On the whole cognitive behavioural therapy has become one of the most influential methods of psychotherapy available. ‘CBT has demonstrated efficacy for a broad range of psychiatric disorders, including depression, anxiety disorders, substance abuse, and eating disorders’ (Pike, K et al 2010: 83-107). Becks combination of both behavioural and cognitive therapy is perhaps what allowed this approach to therapy to become so successful and popular. This along with scientific influences from both Skinner and Pavlov contributed valuable insight and empirical research into human behaviour and the treatment of psychological illness.
When applying cognitive behavioural therapy to psychological illness such as anxiety or depression, it is important to remember that most issues similar to anxiety or depression stem from underlying psychological problems. Beck understood this and would readily treat each patient/client how to effectively purge themselves of these negative thoughts and feelings.
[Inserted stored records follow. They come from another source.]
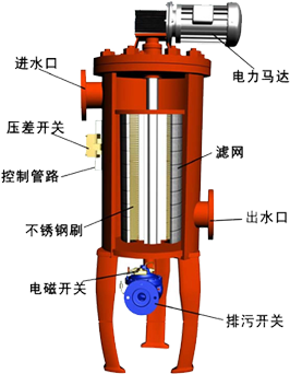 采用機電一體化設計。全自動自清洗過濾器由驅動機構、控制管路(包括壓差開關)、主管組件、濾芯組件、清洗機構、連接法蘭等主要零部件組成。 電控器、控制管路和排污閥構成過濾器的控制部分,用于實現自動清洗排污過程。 控制管路由壓差開關、管接頭、黃銅管等附件組成。過濾器常規產品使用不銹鋼轉刷,也可根據不同的使用條件(水溫、水質),選用其它材質的轉刷。
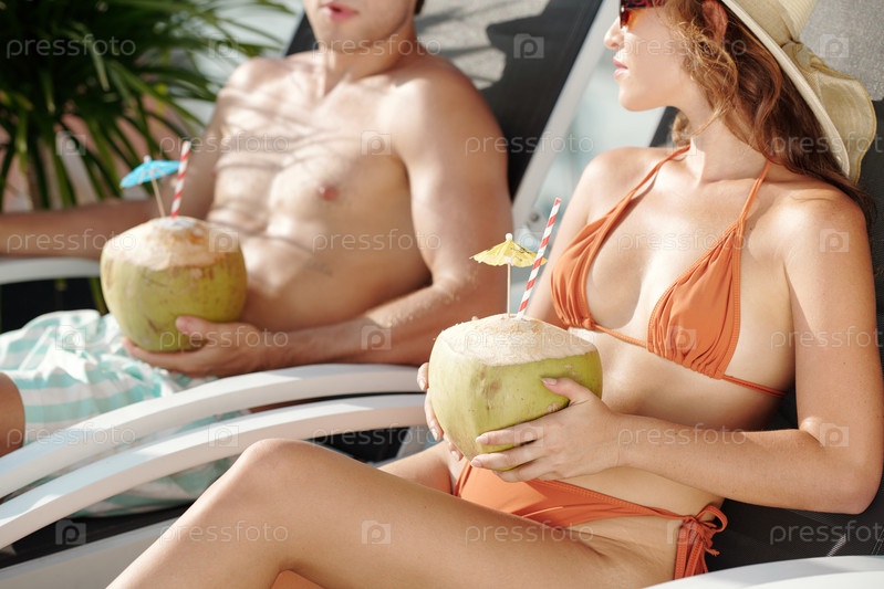 Женщина, отдыхающая у бассейна с парнем
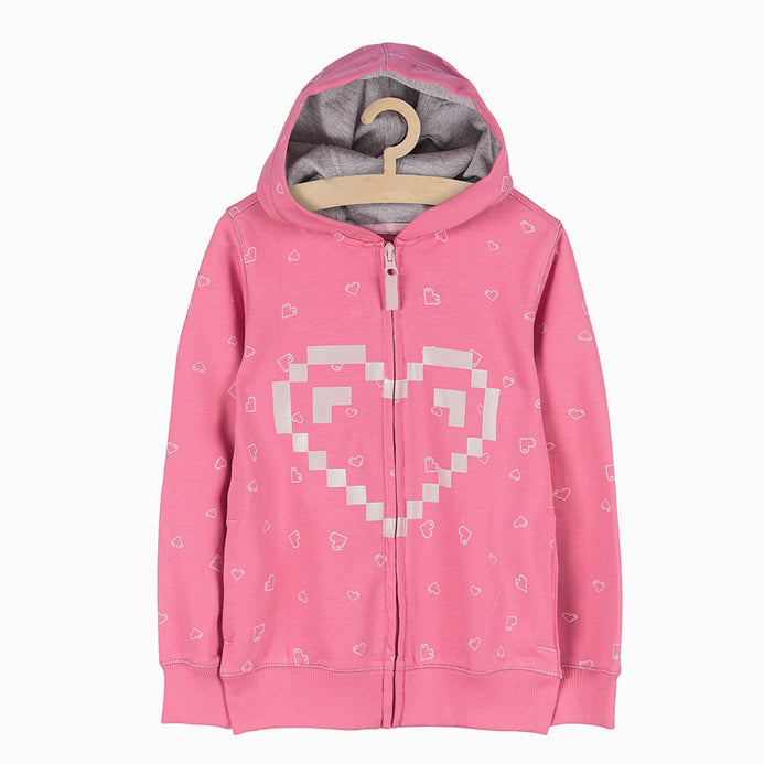 LS All Over Heart Print Pink Zipper Hoodie 8400

Despite its evidential success when applying cognitive behaviour therapy, Beck did have to overcome great criticism concerning the recovery period. Many critics argued that recovery from such illnesses, were too long. Although this was true and recovery could indeed take up to several months, Beck knew that in order to fully recover from such psychological problems then it there would certainly be no short term cure. The process of recovery is entirely dependent upon the patient’s willingness to help themselves overcome negative thoughts and feelings, which caused such problems in the first place. This deep psychological process could perhaps only take a couple of weeks depending on how quick the patient/client let go of negative thoughts and feelings while replacing them with positive and happy alternatives.